Interview: Applying circular solutions to solar waste manufacturing and end-of-life modules

In the latest interview of pv magazine’s UP-initiative, circular manufacturing quarterly theme, we spoke to David Pelletier and Luc Federzoni of French state research body the Commissariat à l'énergie atomique et aux énergies alternatives (CEA). Pelletier is project manager at the CEA-INES organization, which includes France’s Institut National de l’Energie Solaire, and Federzoni is concerned with strategic programs at the CEA.

The two professionals discussed the EU-backed project titled Implementation of a circular economy based on recycled, reused and recovered indium, silicon and silver materials for photovoltaic and other applications – Cabriss for short – which ran from 2015-18 with the backing of EU research body Horizon 2020. The interview complements the Making solar sizzle article, which ran in the July edition of pv magazine.

pv magazine: What is the Cabriss project and how did it come about?

David Pelletier and Luc Federzoni: Cabriss stands for the Implementation of a circular economy based on recycled, reused and recovered indium, silicon and silver materials for photovoltaic and other applications. It [was] Horizon 2020 project-funded by the European Commission and has an overall budget of €9.3 million.

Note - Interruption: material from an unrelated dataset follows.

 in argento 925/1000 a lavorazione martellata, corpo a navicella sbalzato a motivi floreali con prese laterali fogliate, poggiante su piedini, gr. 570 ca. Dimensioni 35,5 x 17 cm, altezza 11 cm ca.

The aim was to develop a circular economy within the PV industry, particularly focused on waste manufacturing and end-of-life modules. It complements the Circusol project, another Horizon 2020-funded project, the goal of which is to formalize the re-use, repair and refurbishment value chains in the PV industry. It both develops and demonstrates recycling and recovery potentials and product-service system (PSS) business models for the solar power sector.

Cabriss kicked off in 2015. What has been learned?

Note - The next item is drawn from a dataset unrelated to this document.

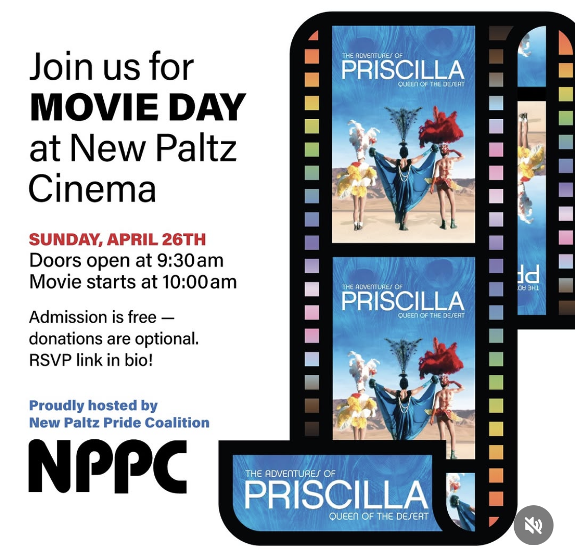 The New Paltz Pride Coailition welcomes the community to start the day with a FREE film focused on the importance of friendship and community – doors open at 9:30am and the film starts at 10am.

We have developed the technologies required to separate, purify and recycle PV waste from both manufacturing and end-of-life modules. A particular focus has been placed on the delamination of end-of-life modules, in order to minimize the cross contamination between the modules’ materials; and also to increase the technical and economic values of these recovered materials for re-use applications.

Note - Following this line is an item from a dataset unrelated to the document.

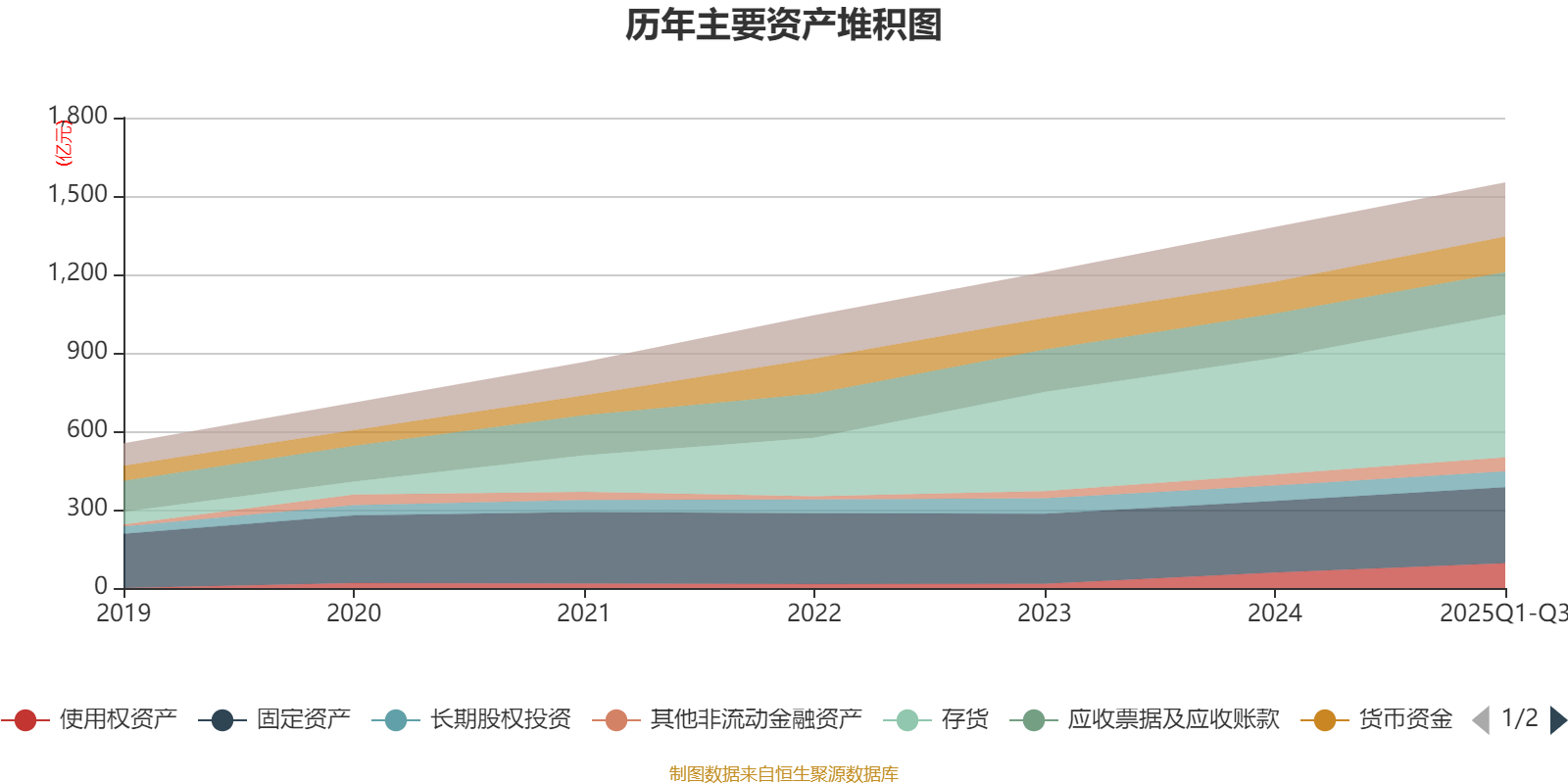 资产重大变化方面,截至2025年三季度末,公司存货较上年末增加22.59%,占公司总资产比重上升2.94个百分点;其他应收款(含利息和股利)较上年末减少67.26%,占公司总资产比重下降2.01个百分点;使用权资产较上年末增加60.47%,占公司总资产比重上升1.83个百分点;应收票据及应收账款较上年末减少4.15%,占公司总资产比重下降1.81个百分点。

We have demonstrated that over 95% of materials like silicon (Si), aluminum, silver, indium and EVA [ethylene vinyl acetate] from both silicon-based and thin-film modules can be recovered. So, from a technical point of view, the main obstacles have been overcome. Nevertheless, it is difficult to find relevant business models due to the fact that recycling volumes are still small. These are increasing, however, and will become interesting from 2025-2030 onward.

EVA has typically been the most challenging part of module recycling because of the glues involved. How have you overcome this?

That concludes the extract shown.